Permutation
Permutation - How it Works - Video
Why it Works
Why it Works:
Let's say we have a 4 digit PIN. How many options do we have for that PIN? Well, we could use the same number over and over, but that it isn't too smart. That would be with replacement. Since they are happening simultaneously, we multiply to get 10 * 10 * 10 * 10 = 10,000 outcomes.
Or we could use different numbers each time, which would be without replacement which is how most things work. Since they are happening simultaneously, we multiply to get 10 * 9 * 7 * 6 = 5,040 outcomes.
Now we get rewrite this using factorials. Remember, 10! is 10 * 9 * 7 *6 * 5 * 4 * 3 * 2 * 1. Our outcomes looks really similar to 10! except we don't have 6! So if divide 10! by 6!, we get our outcomes for the PIN without replacement. Now way we can write 6! is (10 - 4)! The 10 from the number of objects and the 4 from the number of positions.
So our formula is n! / (n - r)! where is n is the number of objects and r is the number of positions.
You might see that written as n P r or P (n, r), where is P is permutations.
Definition & Theorem
Definition & Theorem:
For permutations, we have a number of total elements or n be put in an arrangement with r elements without repetition.
To find the number of outcomes, we can use the theorem and multiply by the total elements or n and decrease by 1 until the desire amount of r elements.
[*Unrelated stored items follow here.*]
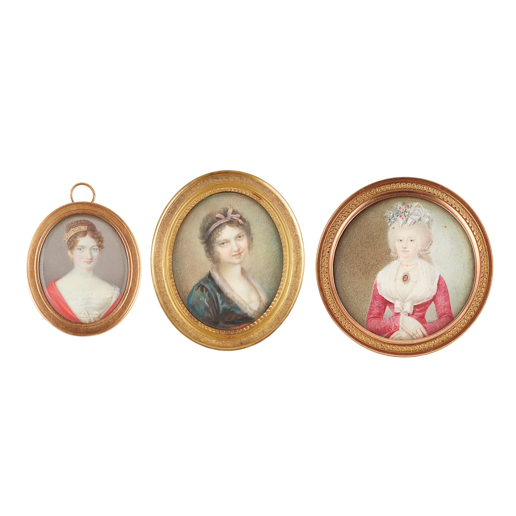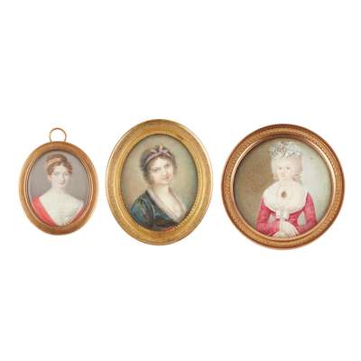 all watercolour and bodycolour on ivory, the first an oval portrait of Constance Mayer, the second a small oval portrait of the Duchesse Marie Louise de Parma; the third a circular portrait of French noblewoman, all in gilt metal frames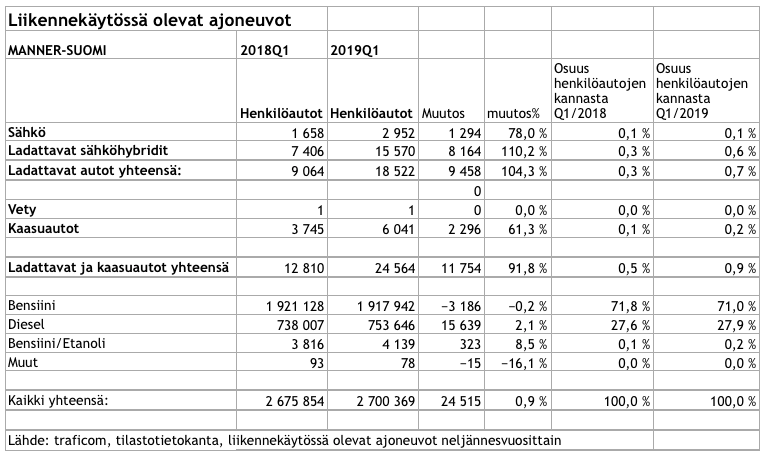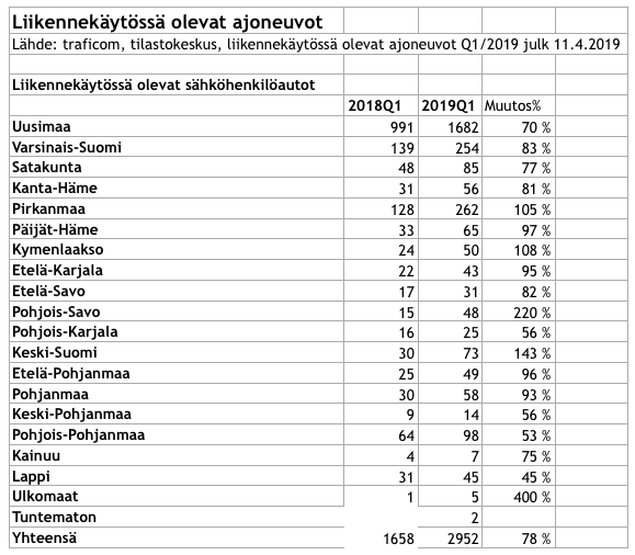 Sähköautojen kanta jatkaa päämäärätietoista kehittymistään, vaikka osuus kaikista autoista edelleen onkin häviävän pieni. Q1/2019 Suomessa oli liikennekäyttöön rekisteröitynä yhteensä 2952 sähkökäyttöistä henkilöautoa. Kehitystä tuossa määrässä oli 78% ja se muodosti 0,1% osuuden kaikista liikennekäytössä olevista henkilöautoista.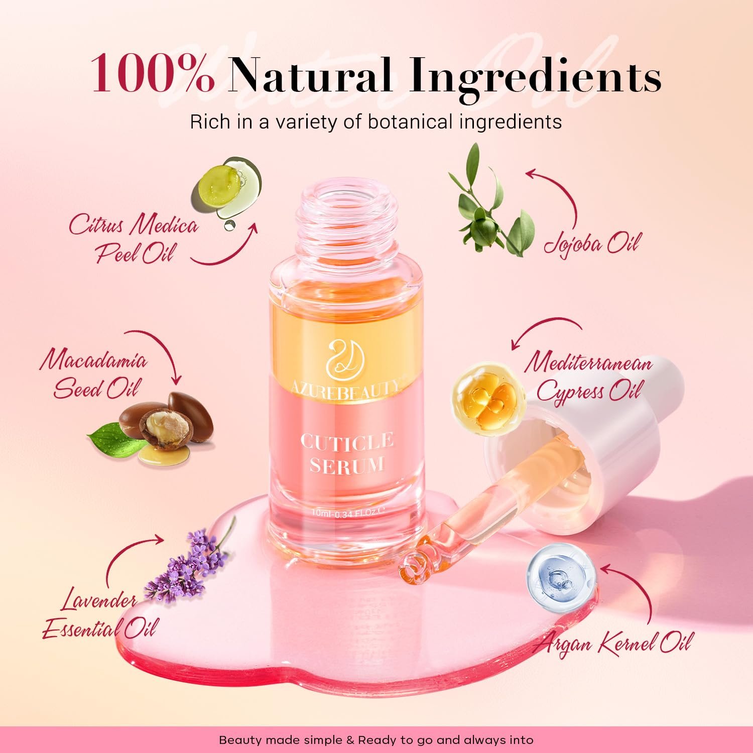 Moisturizing and Nourishing: AZUREBEUTY nail oil adds a variety of natural oils, it is refreshing and non-greasy, it keeps the skin fully moisturized while effectively locking in moisture, making the skin look healthy and radiant, and is very suitable for daily use

And our formula is n! / (n - r)! where is n is the number of objects and r is the number of positions.
Example 1
Example 1:
Here we have P (6, 3). So we have 6 objects and 3 positions.
In keeping with the same PIN example we would have 6 options for the first number, 5 options for the second number, and 4 options for the third number. Since it happens simultaneously we multiply the numbers together. Our outcome is 120 different possibilities.
Or we could use the formula and we get 6! / ( 6 -3 )! ==> 6! / 3! = 6 * 5 * 4 = 120.
Example 2
Example 2:
Here we have P (2, 2). So we have 2 objects and 2 positions.
In keeping with the same PIN example we would have 2 options for the first number and 1 option for the second number. Since it happens simultaneously we multiply the numbers together. Our outcome is 2 different possibilities.
Or we could use the formula and we get 2! / ( 2 -2 )! ==> 2! / 0! = 2 * 1 = 2.